I'd like to perform (not necessarily infix-notation) linear-algebra operations such as scalar multiplication, matrix addition and product in LaTeX, and then print the result in an array or in some matrix environment from amsmath.

Why would I want to do that in LaTeX directly? Why do I not simply use some linear-algebra software, such as Matlab, Mathematica, etc.?

Well, suppose I want to walk my readers through a detailed linear-algebra calculation with many numerical examples. Of course, I could perform all the steps manually first and then hardcode the result of each step in my input file.
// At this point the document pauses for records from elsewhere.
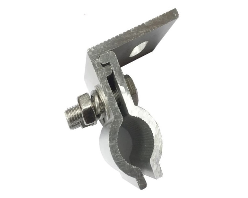 Smontovaný kompletní držák solárního panelu určený pro instalace na plechové střechy. Uchycení se provádí na šev (spojení) plechů. Tím není třeba krytinu porušit. Upevňuje se pomocí imbusového klíče M8. Součástí držáku je GUMOVÉ TĚSNĚNÍ
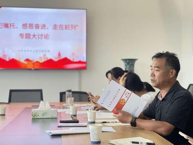 根据学校主题教育计划安排,6月29日材料学院以“牢记嘱托、感恩奋进、走在前列”为主题开展专题大讨论。学院党委理论学习中心组成员、党支部书记参加交流研讨,会议由学院党委书记李瑞峰主持。
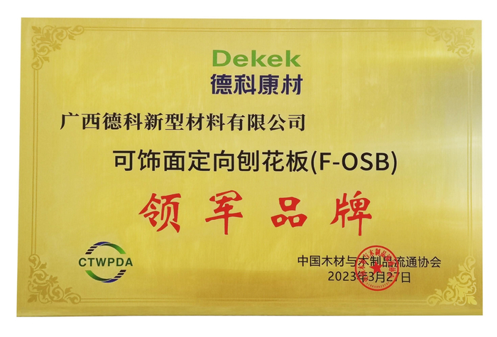 打响品质、创新牌,德科康材荣获“可饰面定向刨花板(FOSB)领军品牌”
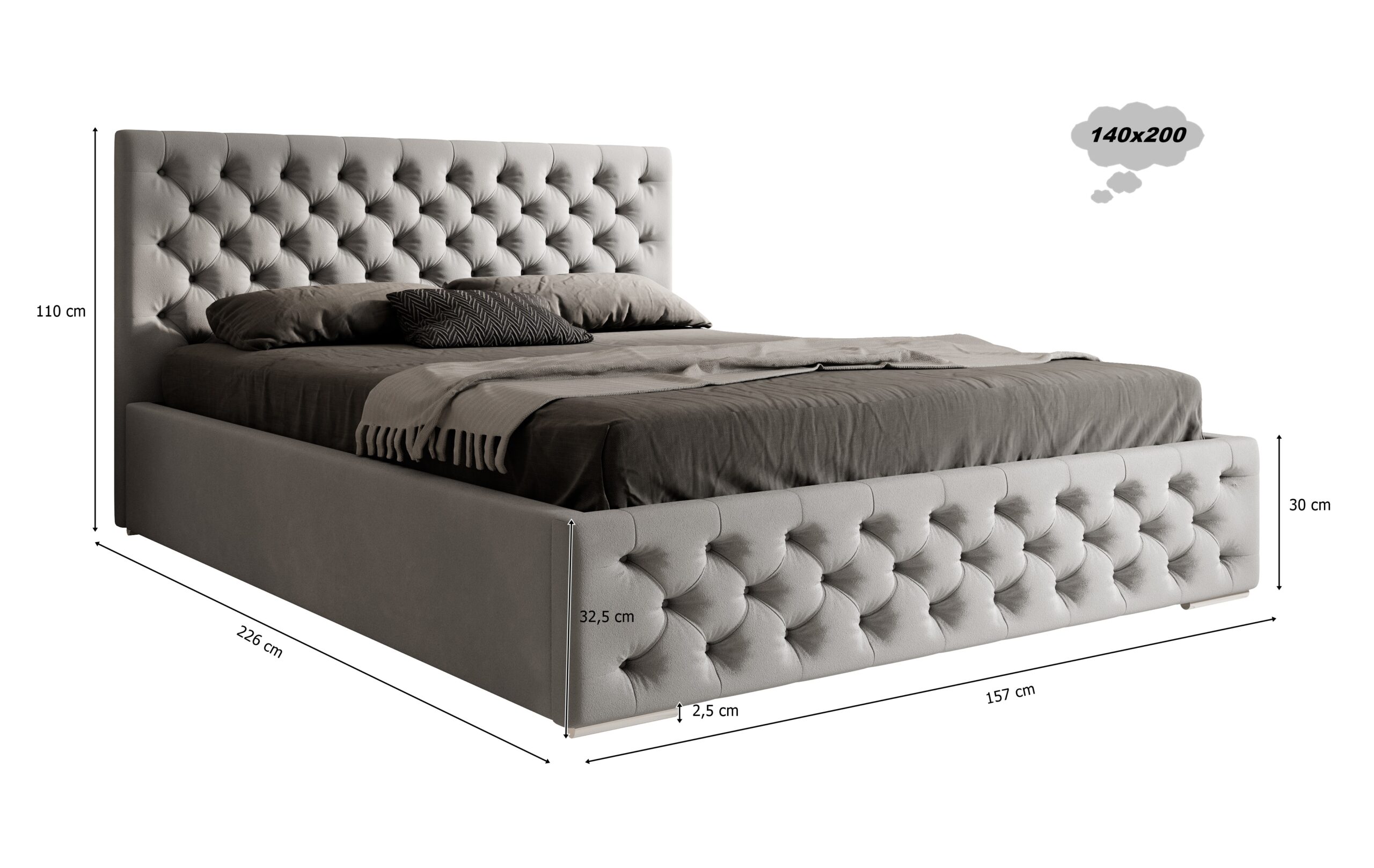 Łóżko standardowo wyposażone jest w drewniany stelaż z 30 listwami z drewna brzozowego, zapewniający odpowiednie podparcie dla materaca i komfort snu. Nóżki wykonane z chromowanego metalu o wysokości 2,5 cm nadają konstrukcji lekkości i nowoczesnego wyglądu.
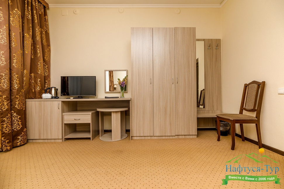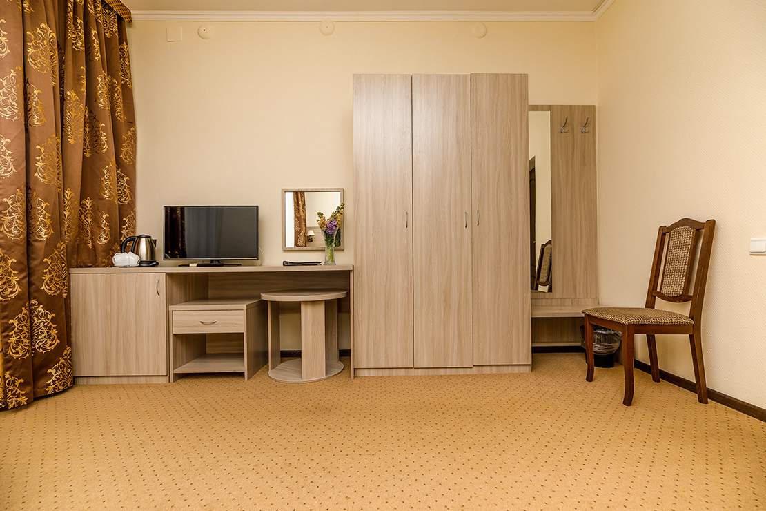 вешалка, диван раскладной, зеркало, кресло-кровать, кровати односпальные /одна двуспальная кровать, прикроватные тумбочки, столик журнальный, столик туалетный, стулья, шкаф
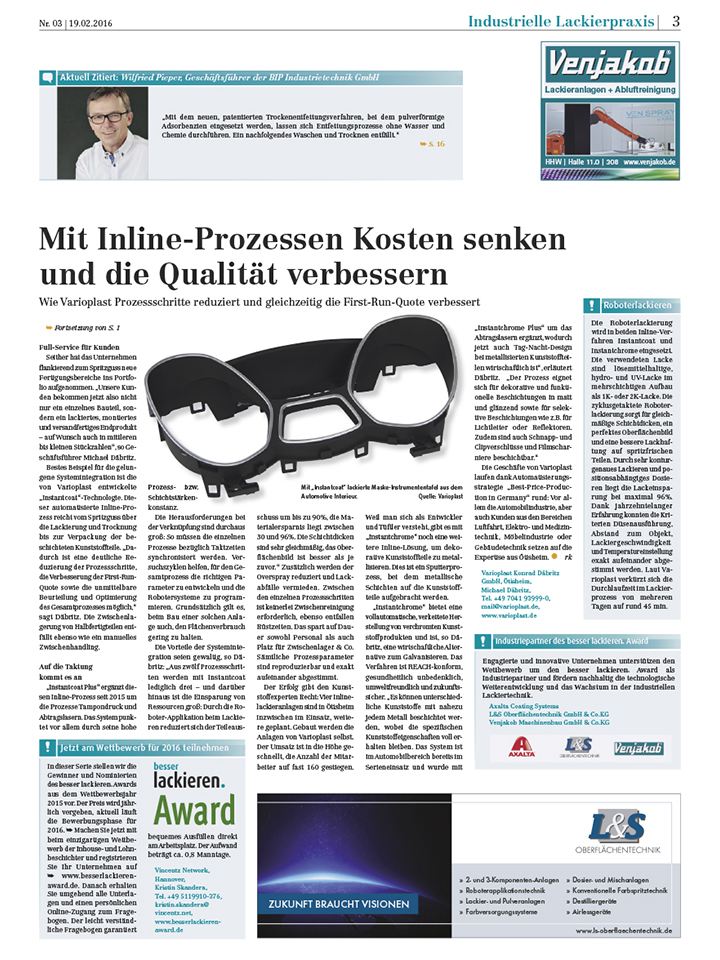 Die Varioplast Konrad Däbritz GmbH haben einen Artikel in der besser lackieren Zeitschrift veröffentlicht.
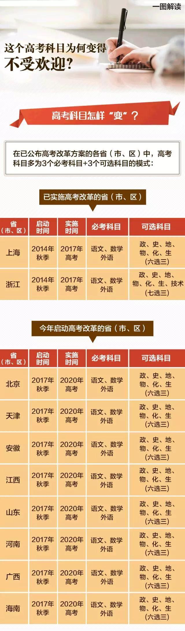 在今年的高考中,浙江、上海兩省、市的學生已率先采用“3+3”模式應試,該屆學生對于考試科目的選擇自然也成為了重要的參考。在眾多學生的選擇中,一個在往屆頗為重要的高考科目,卻受到了冷遇……
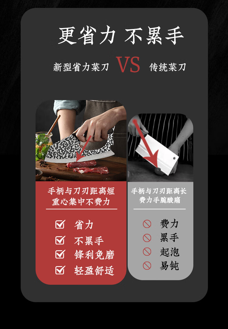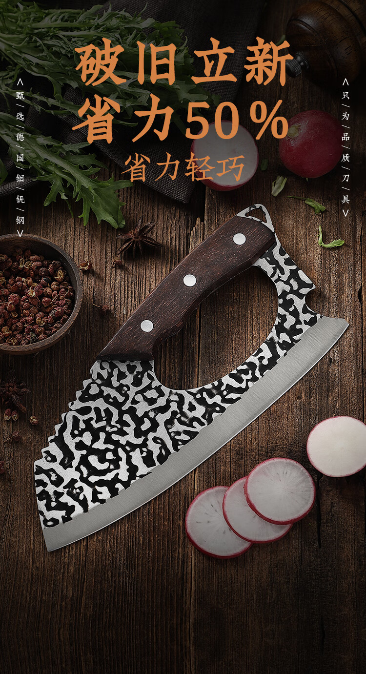 Couteau de cuisine forgé à la main, permettant d'économiser du travail, couteau à trancher ultra-rapide, cuisine domestique en acier inoxydable, couperet à viande léger pour femmes 1 pièce
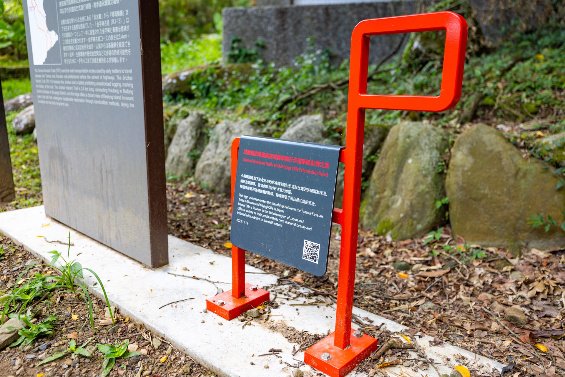 ▲金字碑古道登山口的紅色「偶來小馬」是淡蘭古道與日本宮城偶來步道友好結盟的見證
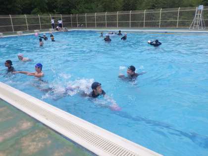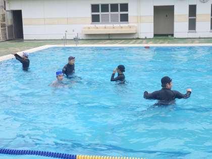 3年ぶりとなる水泳の学習が始まりました。中学校のプールに初めて入り、やる気も満々。今日は水に慣れる活動が多く行われていました。
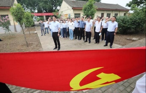 参观第一站设在三育学校,三育学校自创建以来已历经百余年沧桑,在八十余年后的今天,学校旧址依旧展示着战乱年代革命志士们忠直重义艰苦奋斗之真实情况。在三育学校,全体党员重温入党誓词,在历史的发生地感悟历史,在党旗下接受心灵的净化和洗礼,淬炼灵魂。
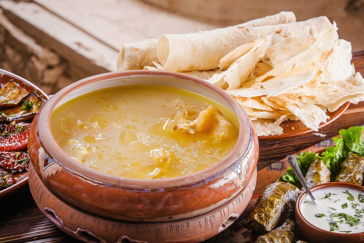 Топ блюд армянской кухни Армянская еда отличается от любой другой пищи в мире. По какой причине? Причин так много, что вы не можете найти и отметить самую важную из них. Люди в стране не забывают свои традиции и передают то, что знают своим детям. Таким образом армянская кухня сохраняет душу нации, и все это передается из поколения в поколение. Блюда, проверенные временем, являются самыми любимыми в стране. Армянский хаш Одним из самых популярных национальных блюд армянской кухни является хаш. Это особый суп или похлебка из говяжьих ног, заправленная чесноком. Перед тем, как блюдо подают, его заправляют уксусом и некоторыми приправами. Процесс кипения очень долгий. Дом, где готовят хаш, можно почуять издалека — из его окон доносится аромат хаша. Его нельзя спутать ни с чем другим. Отвар получается очень насыщенным и калорийным. Армяне едят его на завтрак или даже до завтрака. И есть обычай сопровождать хаш водкой. Немного странная традиция, но древние говорили, что это полезно.

However, this approach

• is prone to errors (LaTeX' arrays are not very user-friendly to typeset),
• lacks maintainability (I may decide to change the data in my example, which means I have to modify everything that follows).

Hence my question: Is there a way of easily performing linear-algebra operations in LaTeX?

---

Ideally, I would like to

1. mimick Matlab's syntax for defining matrices (using commas as column separators and semicolons as end-of-row characters), performing operations on them, extracting sub matrices, etc.. The syntax could be something like the following:

   \let\A{1,2,3;4,5,6}
   \let\b{1;0;0}
   \let\c\matrixprod{\A,\b}
   \let\d\submatrix{\c}{(2,1)}
   

2. have a command that typesets a "matrix object" in an array or matrix environment, e.g.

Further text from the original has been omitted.